Rubare le ore alla notte

C’è una foto di Arthur Miller in cui tiene sua figlia sulle ginocchia mentre stringe una penna fra le dita e scrive qualcosa su un foglio. Chi ha pubblicato l’immagine si è chiesto se immortalasse una consuetudine dello scrittore – scrivere con una poppante in braccio – oppure l’avesse tenuta giusto il tempo dello scatto, come probabilmente è stato. Miller è famoso per essere stato un padre poco compassionevole, come di molti si è detto e scritto (Manzoni, per esempio, pare fosse un pessimo padre) e certo non è poca la letteratura nata dal cattivo rapporto con le madri, donne cattive, sgradevoli, che hanno lasciato impronte profonde nella vita di scrittori e scrittrici che, come una maledizione, ne vengono perseguitati pure da anziani.
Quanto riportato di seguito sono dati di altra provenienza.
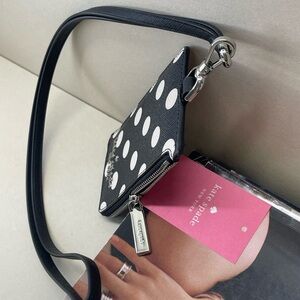 (new+tag) Kate Spade polk dot lanyard ID / card case, zip up, cash slot black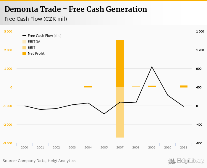 Demonta Trade made a net profit of CZK 96.2 mil with revenues of CZK 2,290 mil in 2011, up by 271% and up by 5.7%, respectively, compared to the previous year. This translates into a net margin of 4.20%.

Ma c’è anche un’altra storia, meno raccontata, che riguarda le molte scrittrici che sono state perlopiù madri e casalinghe a tempo pieno e che solo nei ritagli di tempo hanno potuto liberare il loro genio creativo, rubando ore alla notte o ai rari momenti in cui i figli piccoli schiacciavano un pisolino. È ormai celeberrima la frase di Virginia Woolf secondo cui una scrittrice dovrebbe avere soldi e una stanza tutta per sé per scrivere. Ma se quella stanza è piena di bambini piccoli, allora per la scrittrice la faccenda si complica. C’è una storia dietro ogni storia scritta, non solo i luoghi e le condizioni in cui certi romanzi o racconti sono stati pensati e messi nero su bianco; serve anche riconoscere se quei luoghi e quelle condizioni sono stati in qualche modo influenzati dalla presenza di figli che reclamano il corpo della madre, i suoi capelli, il suo seno, le sue braccia. Perché è indubbio che la relazione fra madre e figli piccoli si giochi soprattutto sul piano fisico, un impasto di peli e odori, di calore e respiro che da una parte fa sentire i figli al sicuro, dall’altro amplifica l’amore materno. Ma in entrambi i casi, i soggetti possono essere destinati a imprevedibili frustrazioni: i figli che si vedono allontanare perché in quel momento mamma ha da fare, la madre che pur di non venir meno al proprio ruolo e non destinare i figli alla solitudine, deve mettere a tacere le sue voglie e rimandare l’incontro con la scrittura a un momento più propizio. Mi riferisco soprattutto a donne appartenenti alla middle o alla working class, perché nelle classi più agiate le donne scrittrici con figli potevano avere gli stessi aiuti e privilegi che quasi tutte noi, scrittrici e non, abbiamo ora: tate e, da qualche decennio, nidi e, ancor prima, asili. Le scrittrici, a differenza di lavoratrici di ogni epoca che svolgono il proprio lavoro fuori casa, sono sempre state costrette a dividere non solo il tempo, ma anche lo spazio perché sappiamo che è e impossibile scrivere un paragrafo se nei paraggi c’è un bambino che chiede il tuo corpo o le tue attenzioni.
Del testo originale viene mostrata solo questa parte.